Il fallait ça, en fait, pour rassurer les dirigeants de Sky. Pour assumer ses propos de l’hiver. « Je me suis assis avec Tim (Kerrison) et Dave (Brailsford), et je leur ai dit que je voulais cibler le Tour », disait-il en février à Cyclingnews, quand la procédure du contrôle anormal de son leader Chris Froome patinait. Geraint Thomas n’était pas le premier lieutenant de Sky à avoir les dents qui rayent le parquet. Mais il a été le premier à refuser l’exil, persuadé qu’il pouvait faire son trou dans l’équipe britannique et que c’est avec ce maillot, de toute façon, qu’il avait une chance d’atteindre ses objectifs. Pendant que « Froomey » gagnait le Giro, « G » ne pensait donc qu’au mois de juillet. Son Critérium du Dauphiné indiquait qu’il serait rapidement au rendez-vous et il l’a été. Rien en revanche n’assurait qu’il serait au même niveau en troisième semaine, le point d’interrogation qui planait au-dessus de sa tête, mais il l’a été aussi.

Armstrong, “day by day” et les larmes

Jamais tranquille, parce que la hiérarchie interne n’est devenue claire que quatre jours avant l’arrivée, au col du Portet, Geraint Thomas a longtemps rabâché les mêmes phrases. Prendre la course au jour le jour (le fameux « day by day ») était son leitmotiv. « Chris Froome est notre leader » a aussi été l’une de ses phrases favorites, les premiers jours de son règne, avant qu’il ne s’affirme petit à petit, parlant ensuite de son ancien leader comme d’une solution de rechange s’il lui arrivait quelque chose. On ne peut pas lui en vouloir. Il découvrait ce que le maillot jaune implique vraiment, parce que l’avoir porté quelques jours en première semaine, l’an dernier, n’avait rien à voir. Il a récolté des huées, aussi, qui ne lui étaient destinées en réalité qu’à cause de son employeur. Il en a été touché, mais s’en est accommodé. Il faut, quand on gagne le Tour et qu’on court pour Sky.

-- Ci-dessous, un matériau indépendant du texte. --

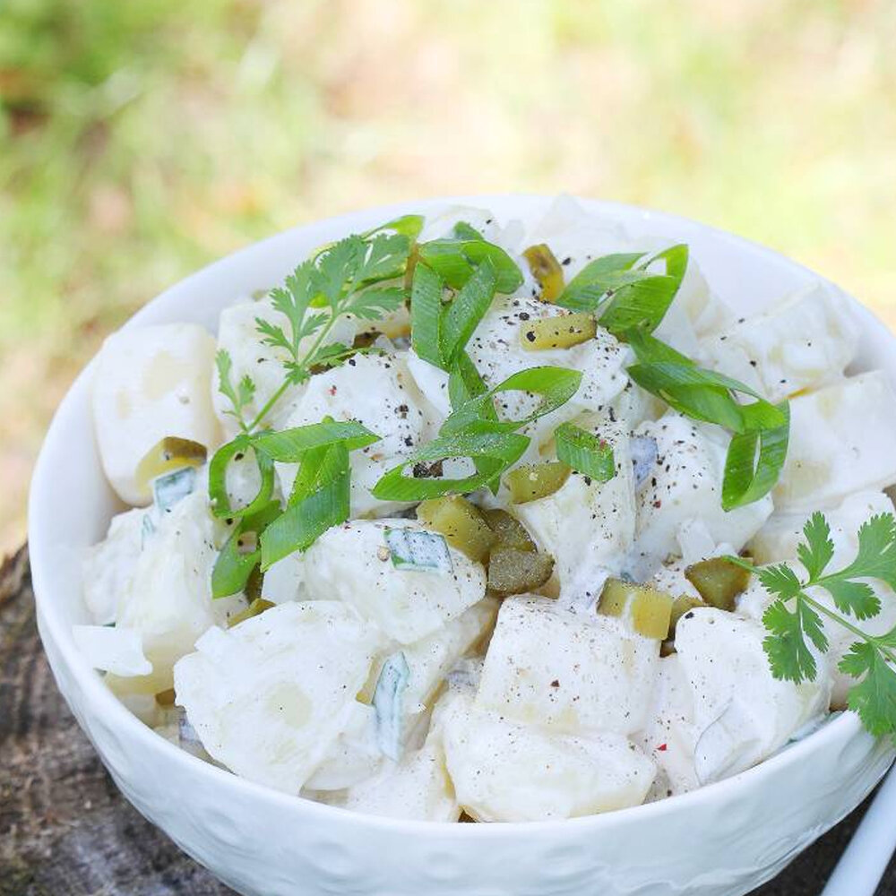 Вылить соус в миску с остывшим картофелем. Перемешайте картофельный салат и проверьте его вкус. При необходимости добавьте еще соли или перца. Украсить салат измельченным чесноком, укропом или петрушкой. Подавать при комнатной температуре или слегка охлажденным.
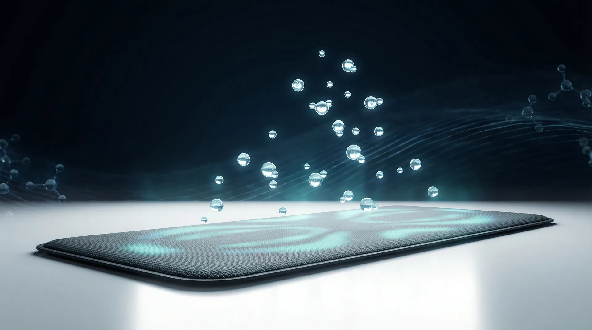 Simply turn on the device and place the mat in contact with your body. Radio waves transmitted through the body vibrate and micronize water molecules.
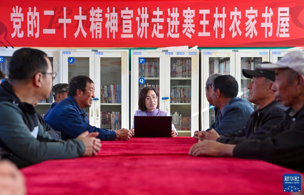 10月24日,山西省左權縣委黨校工作人員周麗芳在左權縣寒王村農家書屋為村民宣講。
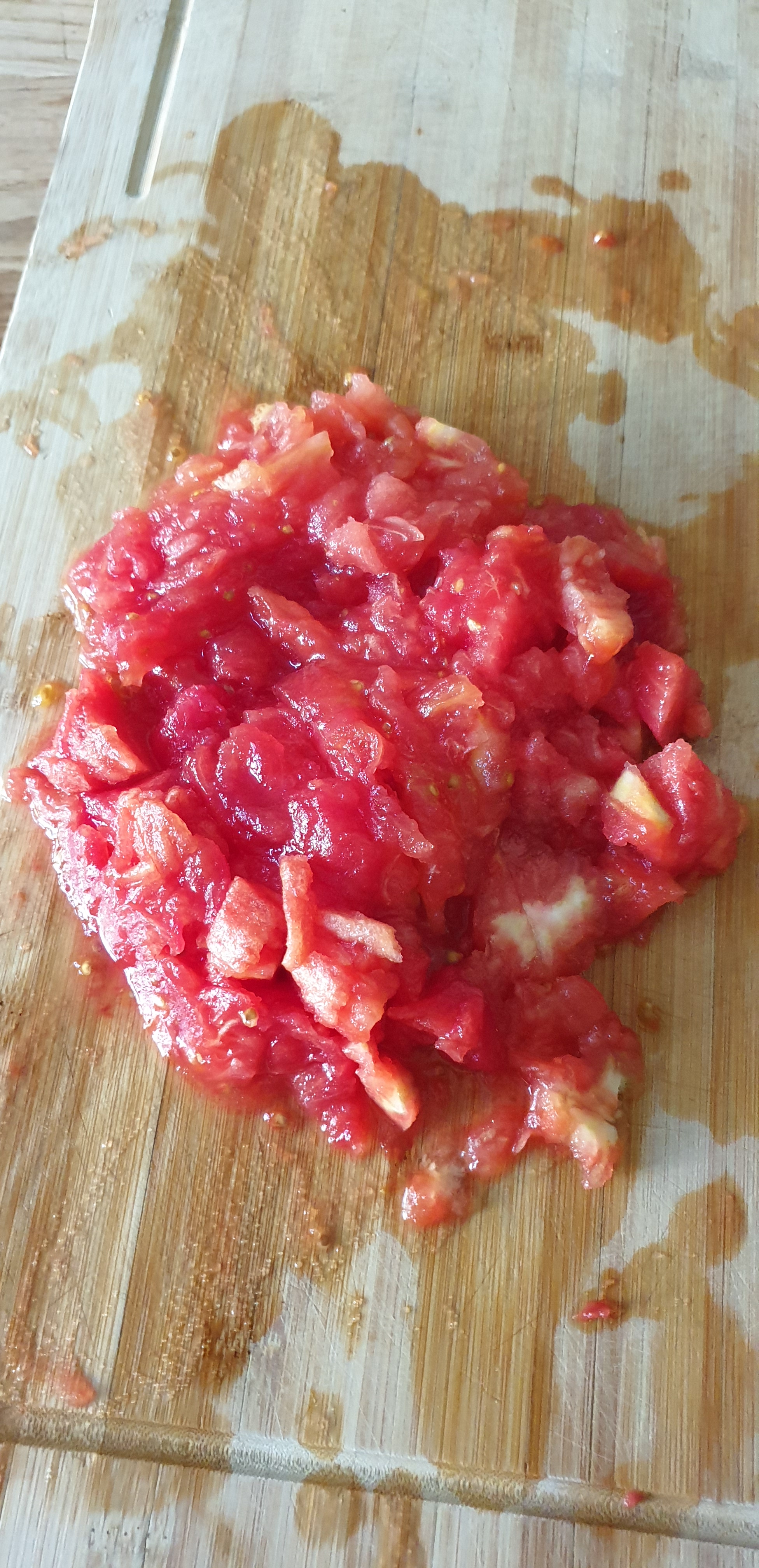 - 3 domate mesatarisht të mëdha të qëruara dhe të grira

Le garçon, d’ailleurs, se veut conscient de pas mal de choses. Lui et son équipe doivent faire avec un déficit de crédibilité face auquel il ne peut pas tellement agir. Il se dit contre les AUT, mais sait que c’est anecdotique. « Je ne sais pas vraiment quoi faire, dit-il à Cyclingnews. Je ne vais pas venir faire la morale, dire que je suis plus blanc que blanc. Ce sont juste des mots. (…) Combien de fois Lance (Armstrong) s’est élevé pour parler du nombre de contrôles qu’il avait subi ? » Lucide. Comme le Froome des dernières années, il a montré un visage sympathique, sans doute parce qu’il l’est vraiment. Thomas aime le foot et le rugby, boire des bières et faire rire, de temps en temps, en conférence de presse. Il ne parle pas français, comme Wiggins et Froome avant lui, mais a sans doute à l’heure actuelle une meilleure image auprès du public que ses deux prédécesseurs. Qui sait, ça changera peut-être s’il continue de gagner.

Aujourd’hui, son histoire est encore celle d’un Gallois 140e du Tour en 2007, à 21 ans, visage joufflu et bras bien épais, témoins d’un goût prononcé pour les pintes, qui remporte l’épreuve onze ans plus tard, au sommet d’une carrière qu’on n’imaginait pas se diriger vers les grands tours. « G » connaît d’ailleurs les hautes sphères de la victoire sur la piste, mais les découvre sur la route, où son chemin initiatique est passé par beaucoup de places d’honneur et quelques victoires seulement. Longtemps roue de secours d’une équipe Sky pléthorique, il a su prendre l’exemple de Froome pour réussir là où beaucoup ont échoué, à savoir changer de statut. Au départ de Vendée, Froome était donc leader, mais Thomas n’était pas un de ses équipiers. Pas un plan B, juste le plan « G ». Qui trois semaines plus tard, pour la première fois depuis son mariage en 2015, a fondu en larmes à l’arrivée du contre-la-montre où il exprimait enfin sa joie. Dans les bras de sa femme, bien sûr.